* Aim of the exercise
Restate the records below exactly. Pictures are not part of the copy.
■ ■ ■
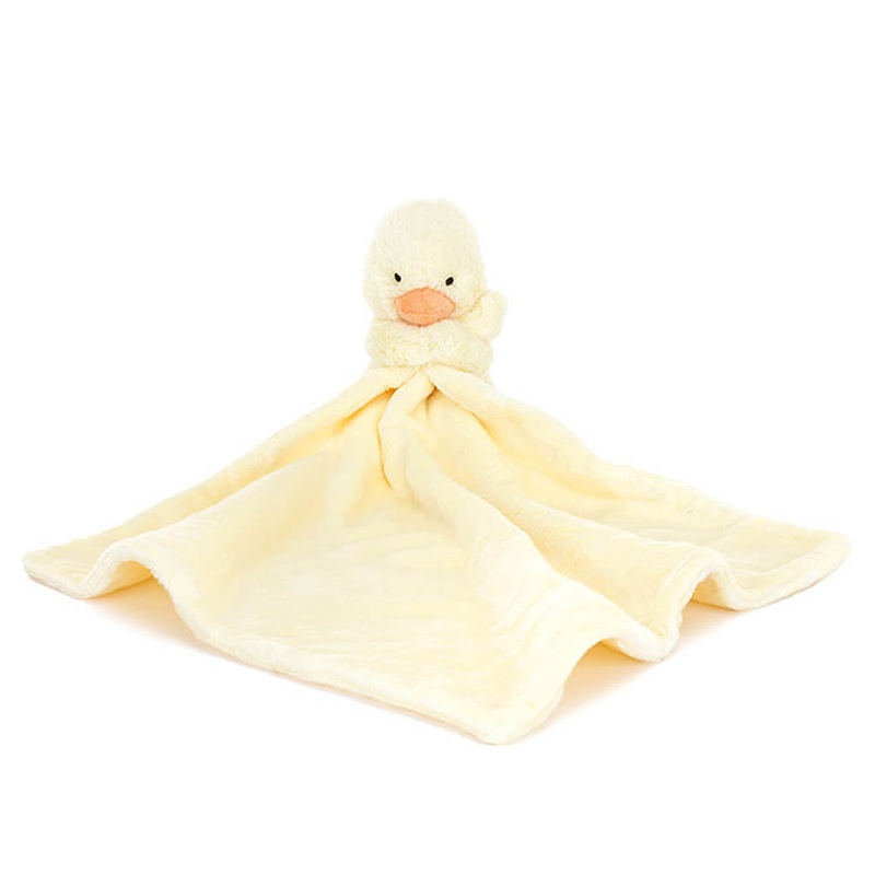 Sweet, gentle Bashful Duckling Soother is a perfect newborn gift, rolled up and presented in a Baby Jellycat grosgrain ribbon. Featuring our most loved farmyard friend, soft in a pale yellow fur made from recycled fibers and holding on tight to a smooth, un-stuffed square shaped soother; a simply gorgeous cuddle companion.
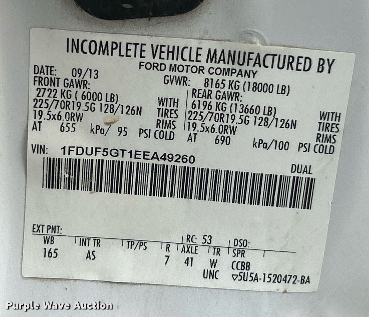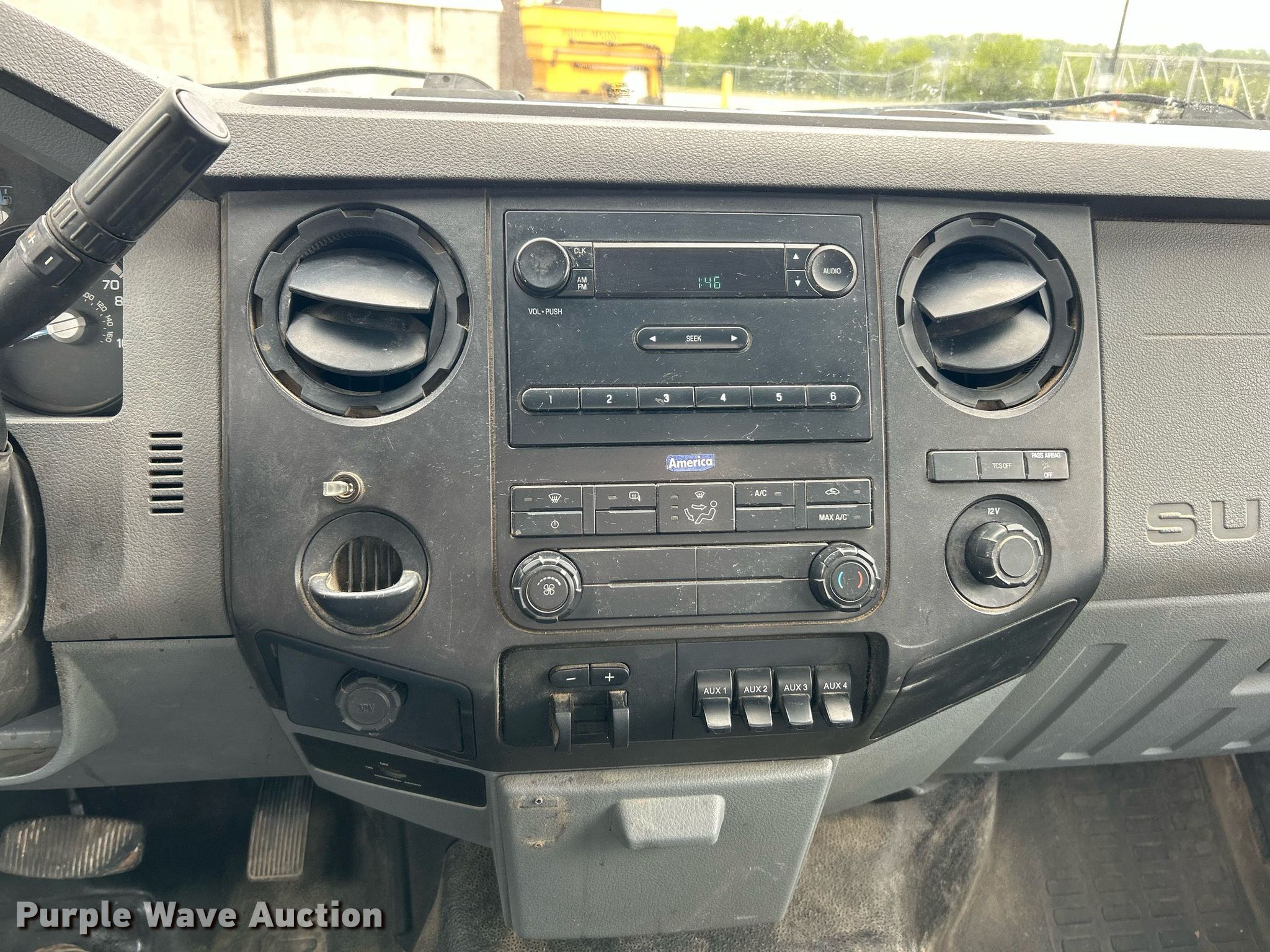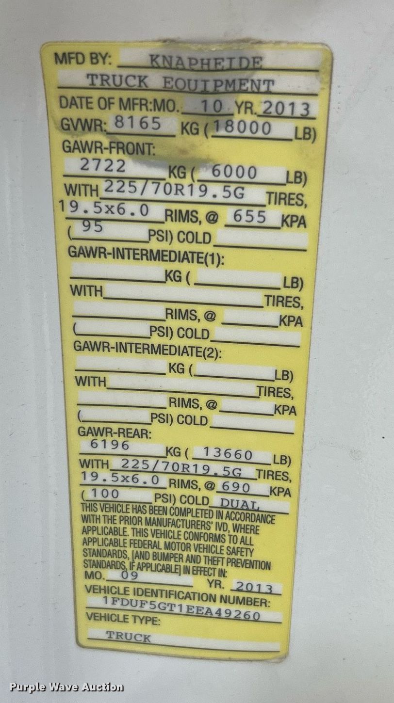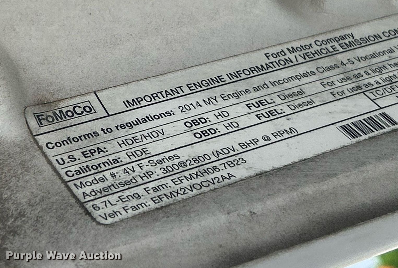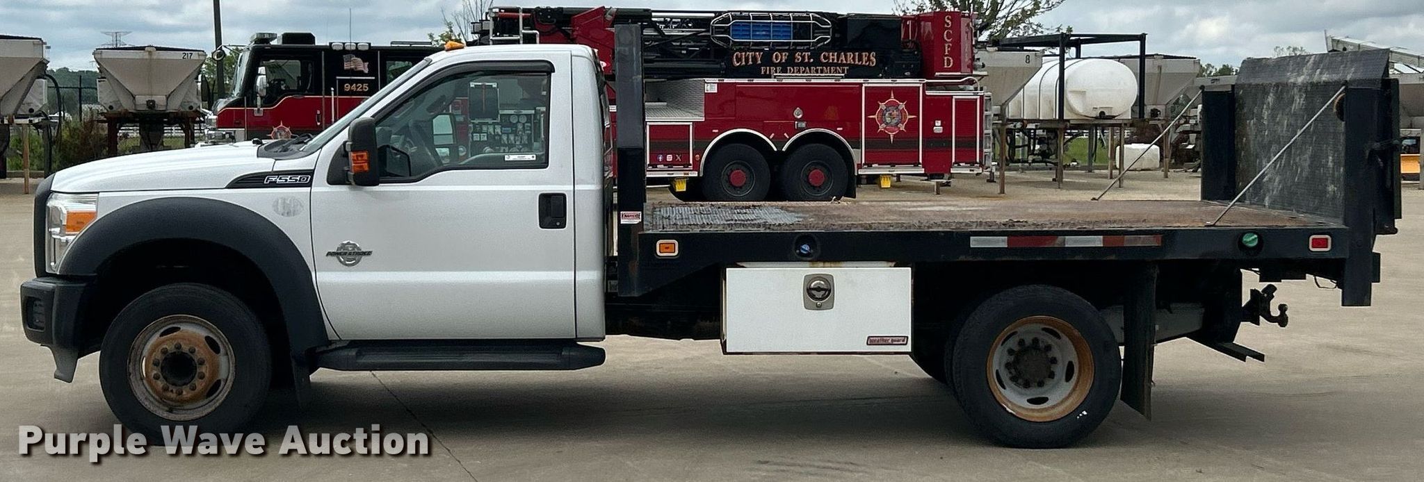 2014 Ford F550 Super Duty XL flatbed truck. Miles: 110,292 on odometer, VIN: 1FDUF5GT1EEA49260. Engine Displacement: 6.7L, Cylinders: 8, Fuel type: Diesel. Transmission Automatic. Chassis Axles: Single, Suspension: Spring, Brakes: Hydraulic, GVWR: 18,000 lbs. Interior AC, Heat, Heated mirrors, Power windows, Power locks, Auxiliary controls, Brake controller. Features Flatbed Knapheide PVMX-113C, 11' 3" L x 96" W, End gate lift Tommy Gate. Tires Size: 225/70R19.5. View repairs. Missouri title. Seller is a government entity who will be assigning and distributing the title. Please contact the seller for distribution questions. Title distribution may be delayed up to 14 days from verification of funds. City of Saint Charles, MO. Saint Charles, MO 63301
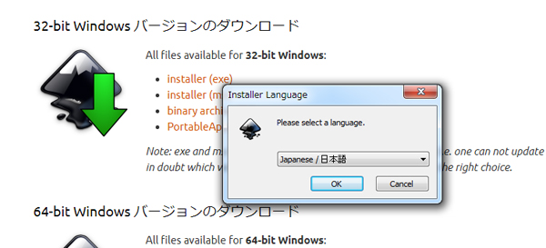 使っているシステムからインストーラーをDL。Windowsの場合32bit/64bitを選べる
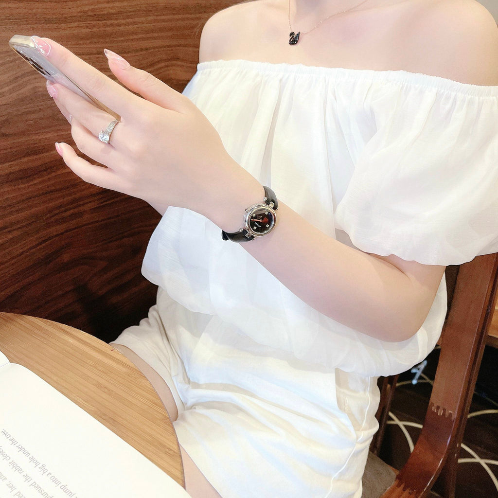 The Diamantissima watch features the signature Diamante pattern etched into the case. The tonal motif lends a delicate finish to the steel case, contrasted with a black leather strap.
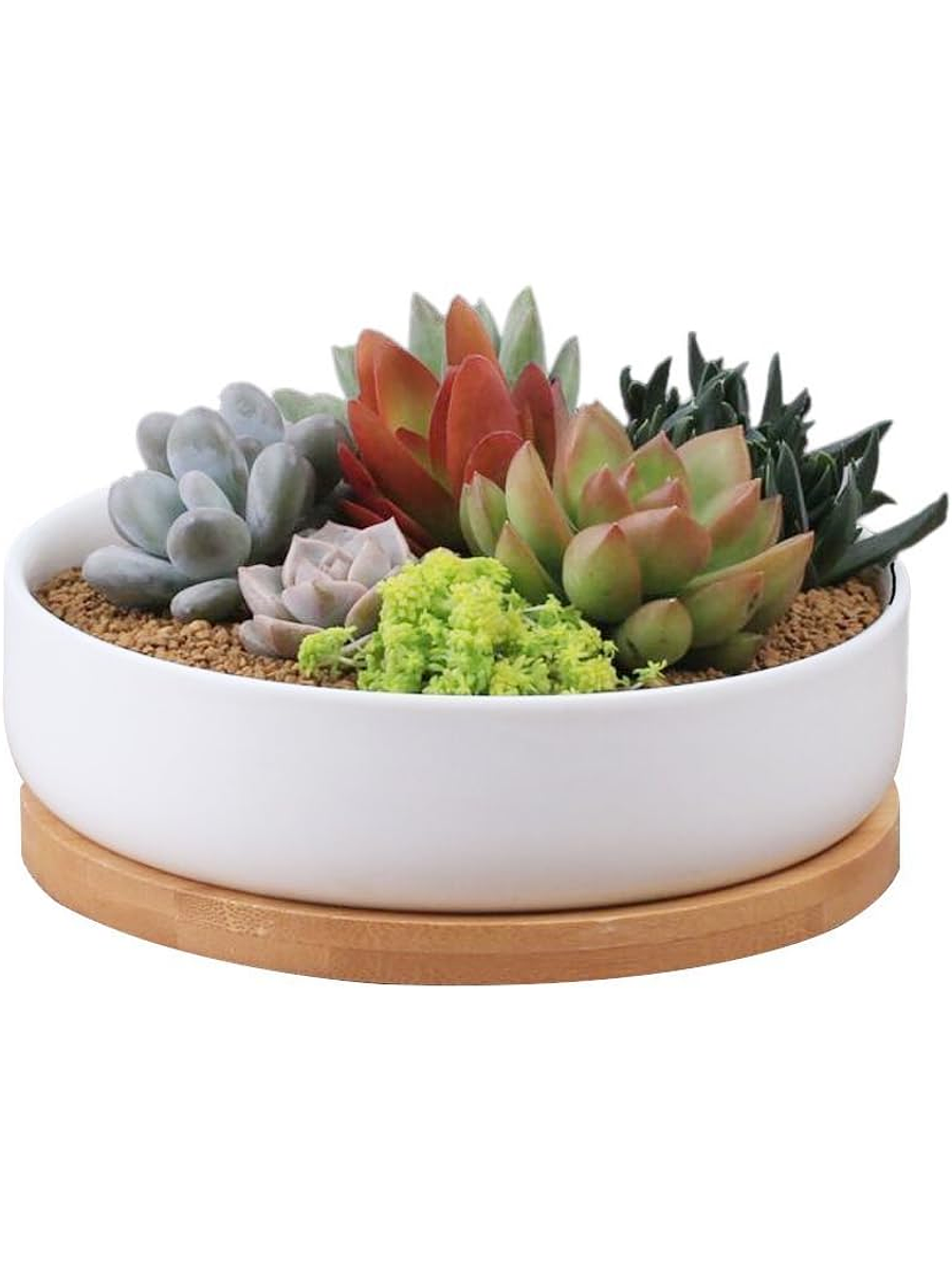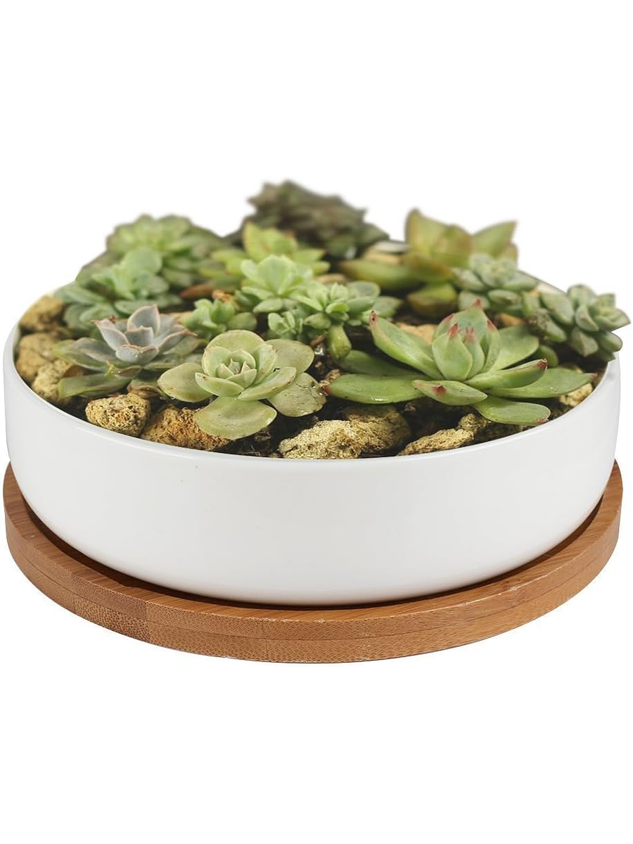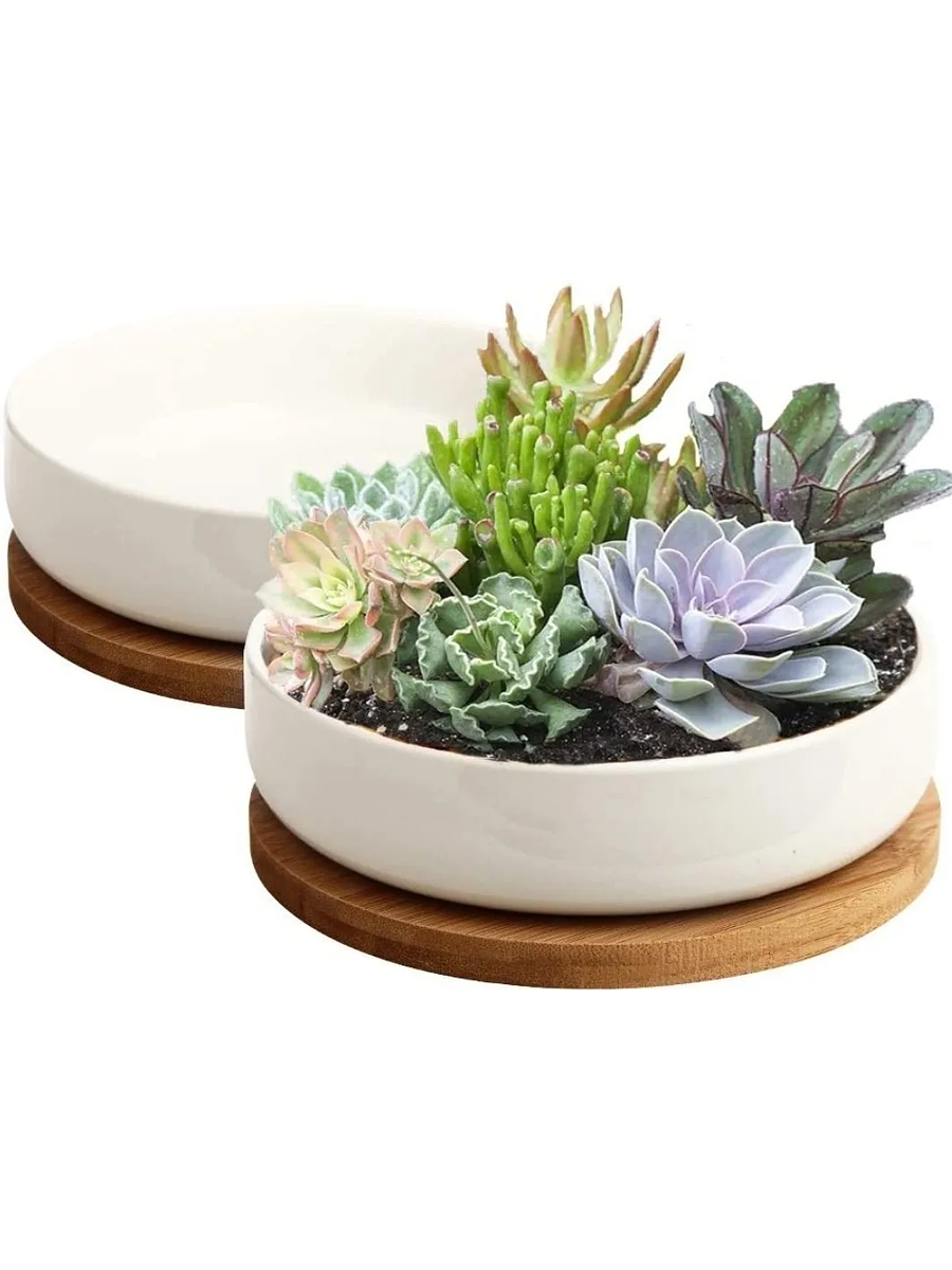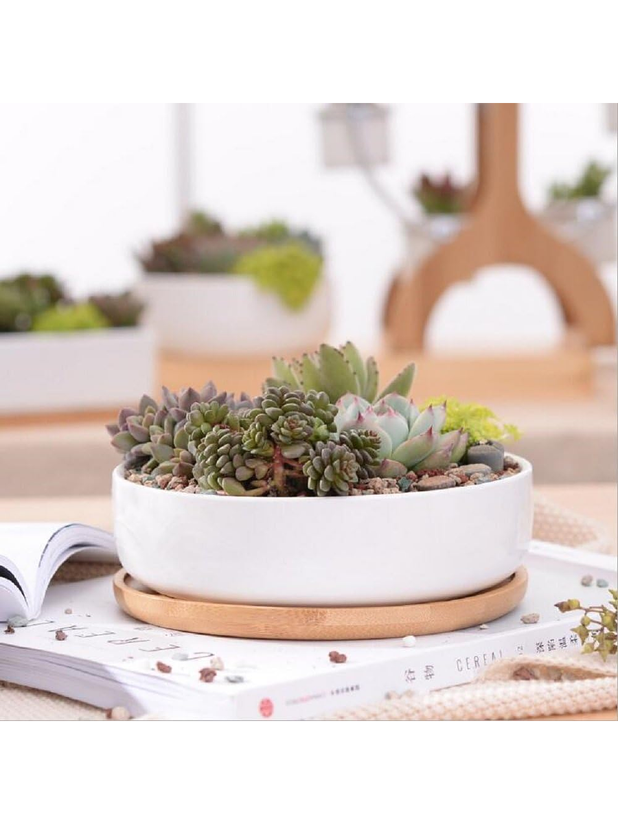 Maceta En Cerámica Suculentas Redonda Más plato En Bambú Premium
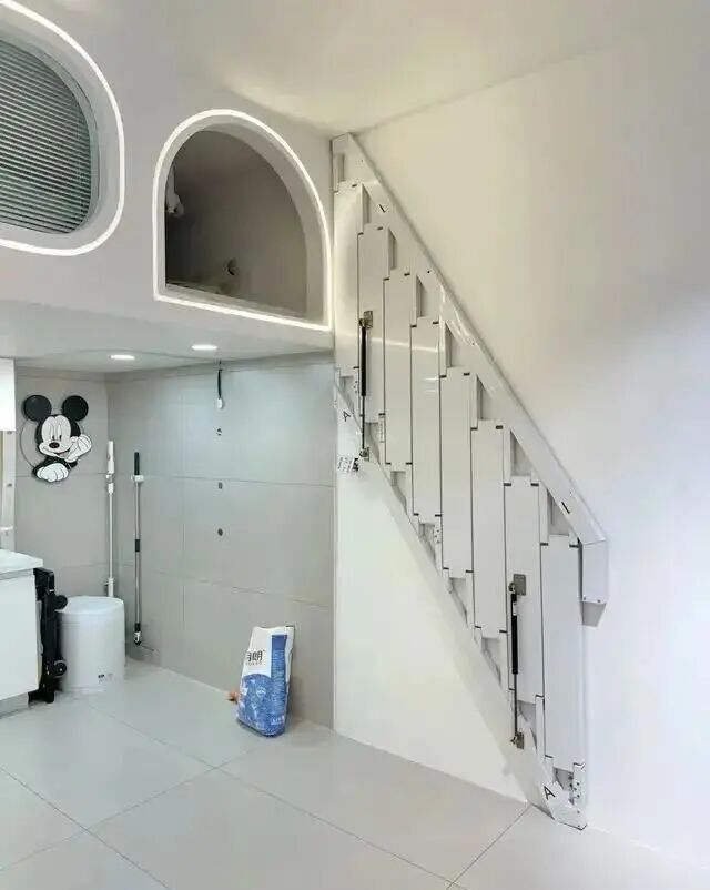 并且,为了不占地方,还做了折叠的楼梯,不用时贴墙收纳,超级省地方!
■ ■ ■
* Result below
 Sweet, gentle Bashful Duckling Soother is a perfect newborn gift, rolled up and presented in a Baby Jellycat grosgrain ribbon. Featuring our most loved farmyard friend, soft in a pale yellow fur made from recycled fibers and holding on tight to a smooth, un-stuffed square shaped soother; a simply gorgeous cuddle companion.
 2014 Ford F550 Super Duty XL flatbed truck. Miles: 110,292 on odometer, VIN: 1FDUF5GT1EEA49260. Engine Displacement: 6.7L, Cylinders: 8, Fuel type: Diesel. Transmission Automatic. Chassis Axles: Single, Suspension: Spring, Brakes: Hydraulic, GVWR: 18,000 lbs. Interior AC, Heat, Heated mirrors, Power windows, Power locks, Auxiliary controls, Brake controller. Features Flatbed Knapheide PVMX-113C, 11' 3" L x 96" W, End gate lift Tommy Gate. Tires Size: 225/70R19.5. View repairs. Missouri title. Seller is a government entity who will be assigning and distributing the title. Please contact the seller for distribution questions. Title distribution may be delayed up to 14 days from verification of funds. City of Saint Charles, MO. Saint Charles, MO 63301
 使っているシステムからインストーラーをDL。Windowsの場合32bit/64bitを選べる
 The Diamantissima watch features the signature Diamante pattern etched into the case. The tonal motif lends a delicate finish to the steel case, contrasted with a black leather strap.
 Maceta En Cerámica Suculentas Redonda Más plato En Bambú Premium
 并且,为了不占地方,还做了折叠的楼梯,不用时贴墙收纳,超级省地方!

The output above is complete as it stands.